The Aquadive BS300 on blue Isofrane - I love it  |>


----------



## Spring-Diver (Jan 26, 2009)

The dark blue looks very nice Dirk.....I like it :-!

Enjoy that Bad Boy, it's an awesome diver. I love my BS300. IMO it's one of then finest divers ever made :-!


Cheers
Shannon


----------



## W. C. Bartlett (Feb 14, 2006)

Not to bad...then again any Isofrane looks good on the 300...


----------



## soberdave09 (Apr 9, 2010)

*nicccccccccccce match*


----------



## Deepdive (Nov 5, 2011)

Thanx for that pics! Just few days ago I was thinking how it looks on blue ISO... 
You have convinced me to buy one too! 

Black is classic but most boring ) but it is always the point I can return... so my black is resting in my shelf for the (quiet) future...
Orange is now on my BS300 and on my wrist just now  My favorite
Blue is new challenge... it will be my first blue strap... and will make BS300 different looking 

BS300 doesnt need strap variation actually... it is most beautifull watch alone


----------



## arutlosjr11 (Dec 24, 2010)

The watch definitely makes that strap pop or is the other way around.
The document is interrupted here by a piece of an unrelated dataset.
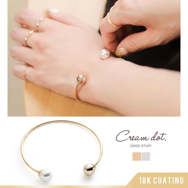 メタルスフィア&パールが艶めくオープンバングル。クールな印象のスフィアにパールを組み合わせて女性らしい柔らかな印象をプラス。シンプルコーデに取り入れて大人っぽさアップ◎
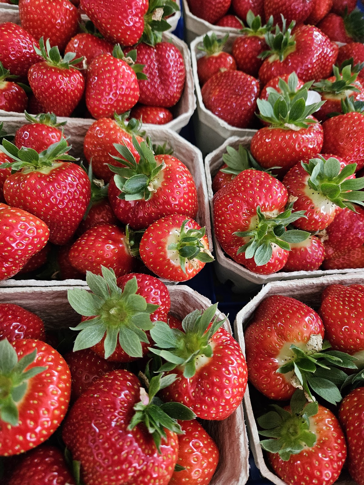 Wir haben wieder leckere frische Erdbeeren zum super Preis auf dem Feld gepflückt. Und im Hofladen weiteres Obst und Gemüse gekauft. Pflücken ist täglich möglich - dazu im Hofladen melden. Eigene Körbchen können mitgebracht werden oder ihr kauft eins Vorort. Danke. Bis zum nächsten Mal.

Regardless, both look great!


----------



## defendnola (May 8, 2011)

What a striking combo.. I'm in awe.


----------



## Lew (Aug 20, 2010)

looks great and big, what is the size of the watch?


----------



## Deepdive (Nov 5, 2011)

Lew, look on the Aquadive web for infos.

Batshyscaphe 300 is 47mm diameter, but the bezel is 45mm and top of the bezer is just 43mm only, so it looks smaller. 
And lug to lug is also not too much, so it is so comfortable on the wrist! Caseback is large diameter too, so it fits great on the top of the wrist...

Anyway it is heavy and tall watch - but exactly what I like.

Amazing watch, far the best from all watches I know... and I know many watches 

ps: now I have black ISO back on the bs300 again


----------



## pjw (Mar 5, 2012)

gorgeous combo


----------